§ **Stored items**

╭──

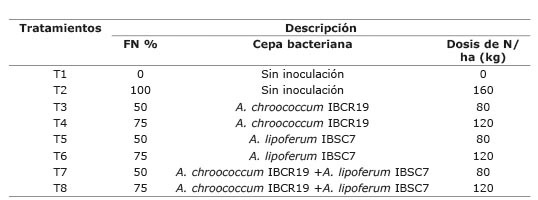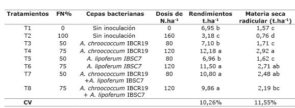Conclusión: Con base en los resultados obtenidos se puede inferir que la inoculación con A. chroococcum IBCR19 logró reducir en un 25 % los niveles de fertilización nitrogenada y constituye una cepa promisoria como bioestimulante.
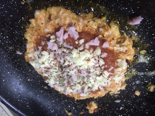 jamon york al gusto y queso rayado al gusto y vuelvo a echar orégano que me encanta
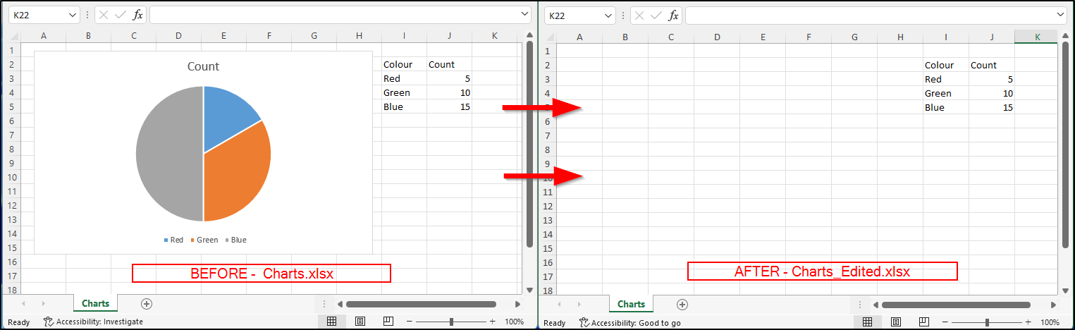 I'm having an issue where I have some code that opens an existing Excel file, adds some data then saves the file. When this runs all the charts in the original Excel file disappear.
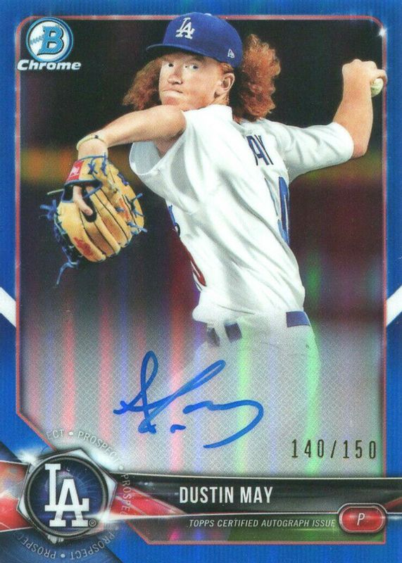 2018 Bowman Chrome Dustin May Auto Blue Refractor /150 Dodgers Autograph
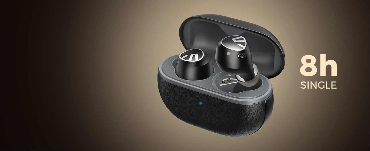 Bạn có thể sử dụng trong 8h liên tục mà chẳng lo hết pin. Còn với case sạc thì bạn có thể sạc đầy tai nghe thêm 2,8 lần nâng tổng thời gian nghe nhạc lên 30 giờ liên tục.
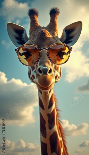 giraffe, sunglasses, animal, playful, outdoors, daytime, whimsical, humorous, wildlife, sky, fun, nature, african, tall, mammal, safari, zoo, colourful, bright, sunshine, cheerful, unique, fashion, cool, headwear, blithe, smile, entertainment, wild, happy, furry, long neck, playfulness, animal, day, sunny, behaviour, character, environment, funny, sightseeing
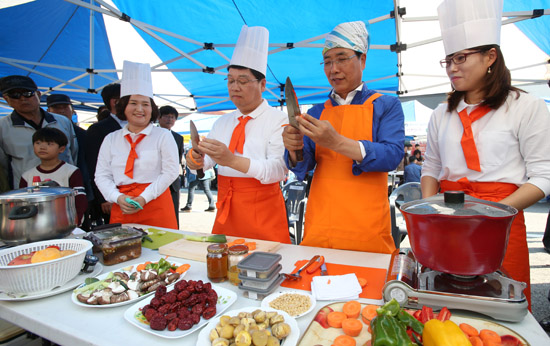 ▲ 한현택 동구청장은 ‘문어 한 마리 꽃게찜’, 권선택 대전시장은 ‘행복돼지갈비찜’의 요리를 주민과 함께 짝을 이뤄 대회에 참가해 색다른 볼거리를 제공했다.
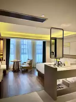 The room is equipped with a voice-activated smart control system, allowing for easy control of lighting, electric curtains, and air conditioning. The bathroom, with separate wet and dry areas, is equipped with a smart toilet. The bed is soft, with a choice of memory foam and duck down pillows. Double-layered soundproof glass blocks out external noise, ensuring a good night's sleep. The mini bar also offers free drinks, a truly heartwarming touch. ☺️
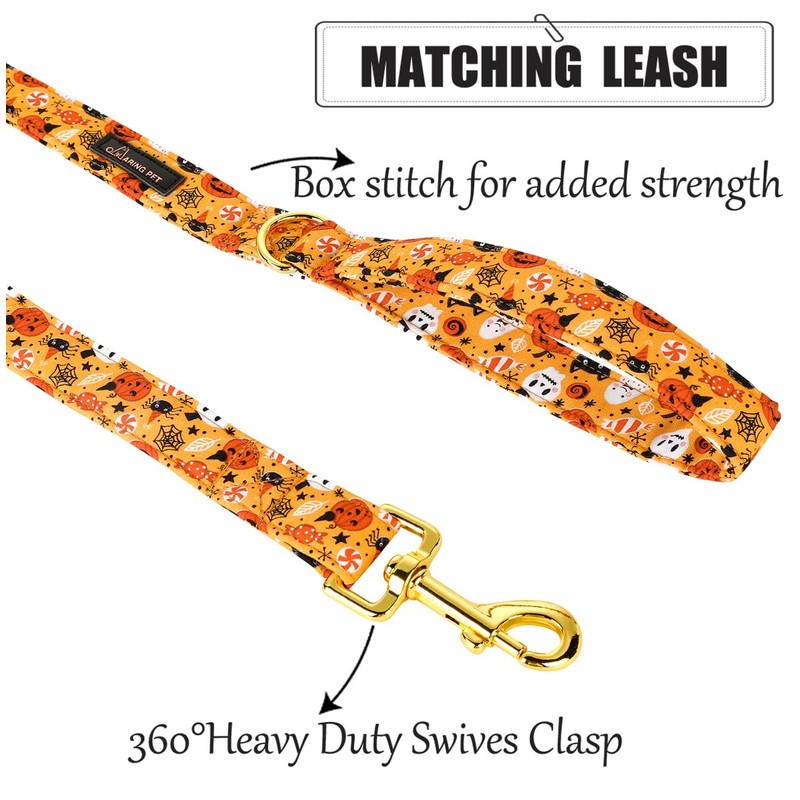ARING PET Halloween Dog Leash, Pumpkin Ghost Leashes Matching Collars for Small Medium Large Dogs and Cats-XS

╰──

§ **EXERCISE DESCRIPTION**
Beginning with the line above that contains "I'm having an" and finishing with the line that contains "environment, funny, sightseeing", print those lines exactly and only. Skip all pictures.

§ **EXERCISE ANSWER**
 I'm having an issue where I have some code that opens an existing Excel file, adds some data then saves the file. When this runs all the charts in the original Excel file disappear.
 2018 Bowman Chrome Dustin May Auto Blue Refractor /150 Dodgers Autograph
 Bạn có thể sử dụng trong 8h liên tục mà chẳng lo hết pin. Còn với case sạc thì bạn có thể sạc đầy tai nghe thêm 2,8 lần nâng tổng thời gian nghe nhạc lên 30 giờ liên tục.
 giraffe, sunglasses, animal, playful, outdoors, daytime, whimsical, humorous, wildlife, sky, fun, nature, african, tall, mammal, safari, zoo, colourful, bright, sunshine, cheerful, unique, fashion, cool, headwear, blithe, smile, entertainment, wild, happy, furry, long neck, playfulness, animal, day, sunny, behaviour, character, environment, funny, sightseeing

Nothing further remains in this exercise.